Browser configuration

  • browserTitle (string) - Title displayed in navigation bar.

  • navBarBackgroundColor (string) - Background color of navigation bar.

  • homePage (Component) - React component for home page content.

  • extraPages (array of objects) - Additional browser pages.

    • path (string) - URL path for page.

    • label (string) - Label for page in navigation bar.

    • component (Component) - React component for page content.

Gene results configuration

  • geneResultsPageHeading (string) - Heading for all gene results page.

  • geneResultAnalysisGroupOptions (array of strings) - Groups to include in analysis group menu on all gene results page.

  • defaultGeneResultAnalysisGroup (string) - Analysis group to show by default on all gene results page.

  • defaultGeneResultSortKey (string) - Default field to sort gene results table by.

  • geneResultColumns (array of objects) - Column definitions for gene results table.

    • key (string) - Unique identifier for field.

    • heading (string) - Column label.

    • minWidth (number) - Minimum width (in pixels) for column.

    • tooltip (string) - Tooltip text for column heading.

    • render (function) - Function to render cell content.

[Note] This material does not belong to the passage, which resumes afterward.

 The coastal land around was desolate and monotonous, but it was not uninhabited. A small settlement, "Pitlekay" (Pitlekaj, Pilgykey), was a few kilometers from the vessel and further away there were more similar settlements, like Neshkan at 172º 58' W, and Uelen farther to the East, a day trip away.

    • renderForCSV (function) - Function to render cell content in CSV export.

  • geneResultTabs (array of objects) - Define additional tabs for content on all gene results page.

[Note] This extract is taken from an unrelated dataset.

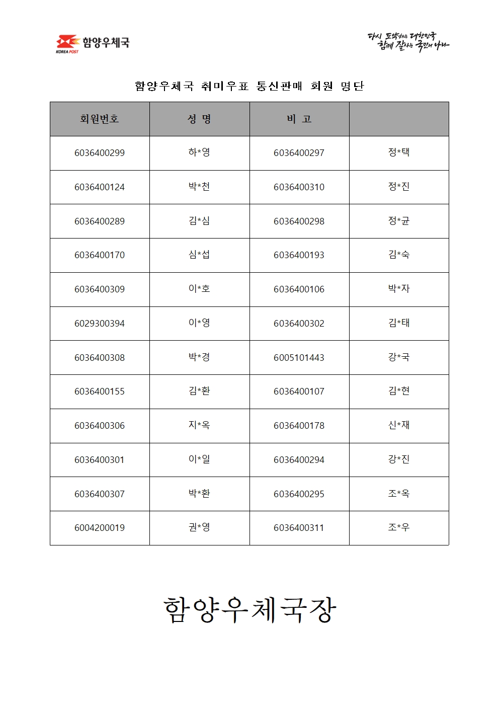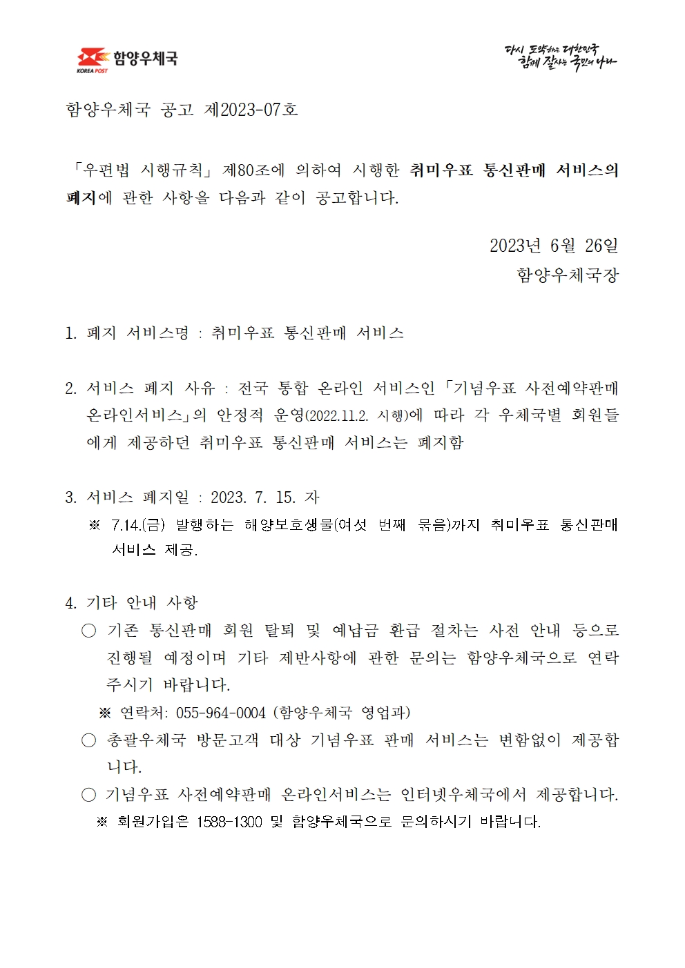함양우체국 취미우표 통신판매 서비스 폐지 안내

    • id (string) - Tab ID.

    • label (string) - Tab label.

    • render (function) - Function to render tab content.

Variant results configuration

  • variantAnalysisGroupOptions (array of strings) - Groups to include in analysis group menu for variants table on gene page.

  • defaultVariantAnalysisGroup (string) - Analysis group to show by default in variants table.

  • variantResultColumns (array of objects) - Column definitions for variants table.

    • key (string) - Unique identifier for field.

    • heading (string) - Column label.

    • minWidth (number) - Minimum width (in pixels) for column.

    • tooltip (string) - Tooltip text for column heading.

    • render (function) - Function to render cell content.

    • renderForCSV (function) - Function to render cell content in CSV export.

    • showOnGenePage (boolean) - Include this column in variants table on gene page.

    • showOnDetails (boolean) - Include this column in table in variant details popup.

  • variantConsequences (array of objects) - List of variant consequences used in analysis.

    • term (string) - Consequence term in variant results.

    • category (one of lof, missense, synonymous, other) - Consequence category

  • variantConsequenceCategoryLabels (object) - Labels for consequence categories in variant filter controls.

  • variantCustomFilter (object) - Definition for browser specific variant filter controls.

    • component (Component) - React component to render filter controls.

    • defaultFilter (any) - Default filter settings.

    • applyFilter (function) - Function to filter list of variants based on current filter settings.

  • renderVariantAttributes (function) - Function to render info field of a variant.